This overview of our revealed ethical heritage would not be complete without mentioning the field of environmental ethics and its philosophical roots in Deep Ecology. With the exception of indigenous spiritual traditions, most of the world's religions have not prepared us well for the ethical challenges of determining right relations between the human family and the earth. There may be no more pressing issue facing us. In our search for authentic revelation and guidance, shall we choose to refer only to scripture written many centuries ago, or do we have other choices?

Conclusion

To conclude by returning to where we began, let us consider once more the Muslim critique that there cannot be a universal sufism thriving outside the religion of Islam. Our descriptions here of a universal revelation may be satisfying to some ears, but not to all. The objections offered by religionists are pointed. Martin Lings, another well-respected authority on Islamic sufism, asserts that a person on their own "has no means whatsoever of reaching the Absolute....The Absolute must first as it were hold out a hand, or throw a life-line.... [This is] precisely what is meant by Revelation, whatever form it may take. The question may therefore be asked: If Sufism is non-Islamic yet effective, that is, endowed with a reintegrating power of ebb back to the Absolute, to what flow proceeding from the Absolute is that ebb a reaction, or in other words, on what Revelation does it depend? The answer should moreover be immediately and clearly forthcoming, for it is not conceivable that Providence should have acted surreptitiously in this matter."

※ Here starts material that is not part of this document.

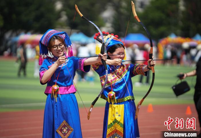 图为大学生在体验射箭项目。 米乐电竞(中国)股份有限公司官网,供图

An answer is immediately and clearly forthcoming: This! This revelation that is before us and within us and that creates and obliterates us every instant. It is not news of a distant paradise, or the story of an event long past. It is This. As the hadith says: "Wheresoever you turn, there is the face of God." The revelation on which we depend is not kept in a book, although it certainly has left its traces in many books. The flow that reaches out from the Absolute belongs to no religion. When we finally stand in God's presence it turns out we are not there, and no religious ethic, doctrine, or form of worship stands there either. The revelation is This. In the words of Inayat Khan:

"Life, human nature, the nature around us, are all a revelation to a Sufi. This does not mean that a Sufi has no respect for the sacred scriptures revered by humanity. On the contrary, he holds them as sacred as do the followers of those scriptures; but the Sufi says that all scriptures are only different interpretations of that one scripture which is constantly before us like an open book—if we could only read and understand it."